From there, we settled on REST/JSON as the primary interface standard and developed a comprehensive style guide to help ensure consistency across the hundreds of Scrum teams who may build services in the organization. This included things like URI structure, header usage, status codes, query params, versioning, resource naming, security, logging, error handling, hypermedia, etc. We’ve published key elements of our style guide here.
Something else we had to settle is what format to use for API contract documentation. We wanted all service developers to use the same format to document their APIs so that we could leverage common tooling and infrastructure.
When we started, the API market was much less mature and there wasn’t really a de-facto API documentation standard. In the end, we adopted Google Discovery Document (GDD), as it seems like a) as good a choice as any, and b) better than most. From a community support and adoption standpoint, this promptly went nowhere. We ended up developing quite a bit of tooling and support for GDD before it became clear around mid 2015 that OpenAPI (fka Swagger) was where most of our developers wanted to be. Around that time, we made the decision to migrate all our APIs to the OpenAPI Specification and we joined the OpenAPI Initiative (OAI). It’s already started to pay dividends by reducing our infrastructure investment, being generally more robust, and our developers are happier working with it.
When you say the word “governance”, most people have a reflexive reaction – and not a good one. This feels like a Big Company term that is synonymous with “bureaucracy” and “slow”. People want to run away. The practical reality is some kind of process is unavoidable if you’re trying to enforce standards and consistency in a large, highly distributed organization at scale. It’s important to realize that this isn’t just a technology problem. That’s relatively easy compared to the really hard problem, which is changing human behavior. Good intentions are fine, but some form of non-optional process is needed to reinforce the outcomes you want. That said, it’s really, really important to make the process as simple, lightweight, and fast as possible to minimize friction and maximize satisfaction.

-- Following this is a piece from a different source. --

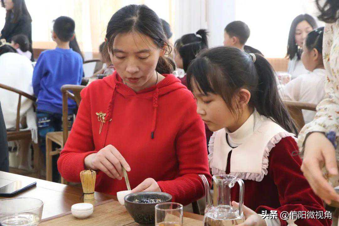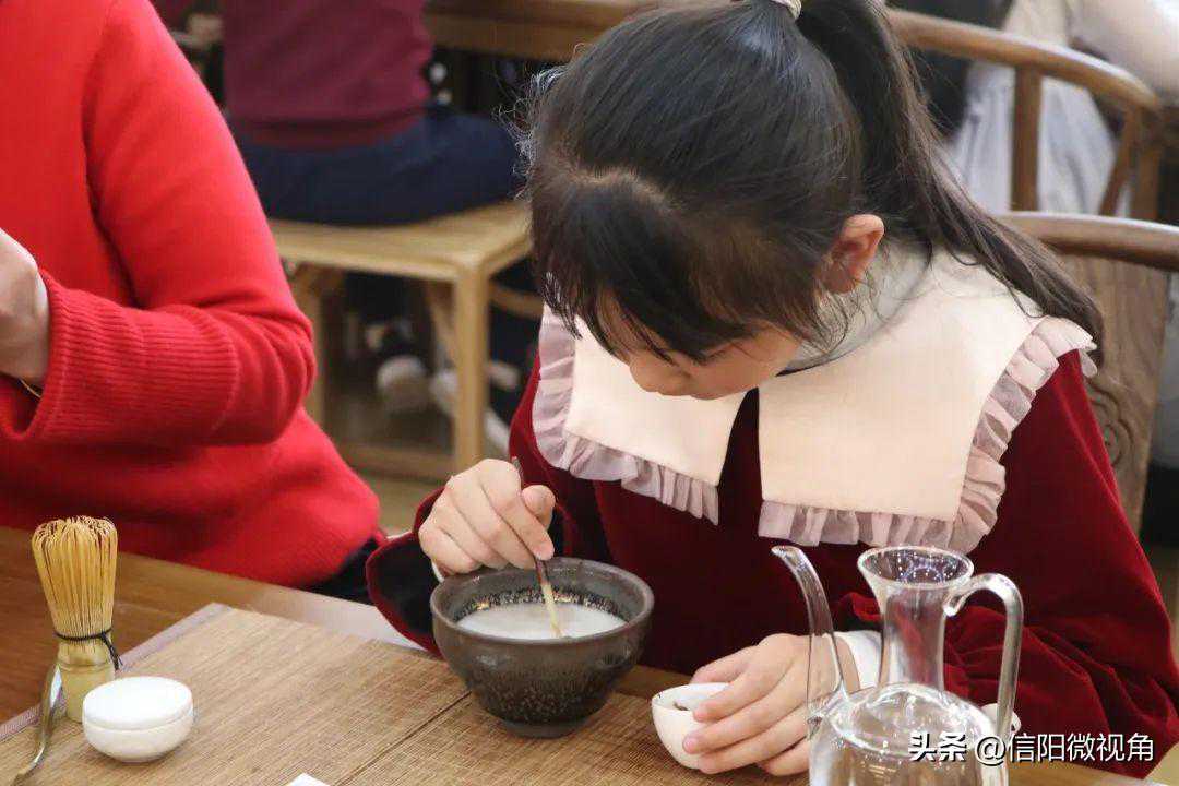宋代点茶形成于五代宋初,流行于两宋时期,鼎盛于宋徽宗时期。点茶不仅是传统技艺,还具有一定的社交意义,衍生出了“斗茶”“茶百戏”等表现形式,为文人雅士所推崇,极大丰富了宋代的思想文化生活。这个春天,羊山外国语小学东校区二(7)班七色花中队的小先生化身宋代小茶人,走进信阳农林学院茶学院,体验一场从身到心的听茶、点茶、赏茶、奉茶之旅。

The basic engagement process we developed looks like this:
The process begins when the team building an API submits a proposal outlining their plans, included use cases and, typically, a proposed design.
- Alignment – a central team, in collaboration with the domain architect and product lead, determines the name, namespace, resources, etc. The goal is to fit the API within the context of the larger portfolio and ensure it “makes sense” from an outside-in perspective (more on that later).
- Review – the team documents the API using the standard format and a cross-domain team of API design experts provides feedback and suggestions on how to improve usability, consistency, and how to meet expected standards. This typically goes through several cycles of refinement.
- Score – designated API design committers score the API design against a set of canonical criteria that reflect design standards.
- Verify – API owners verify their reviewed and source-controlled API contract matches their underlying service implementation. They use API conformance tooling to compare request/response samples from their CI job to the versioned API contract and generate a score.
Post verification, the underlying API service implementation is deployed and the lifecycle state of the API is updated appropriately. Customers now know which version of the documentation is relevant to their integration.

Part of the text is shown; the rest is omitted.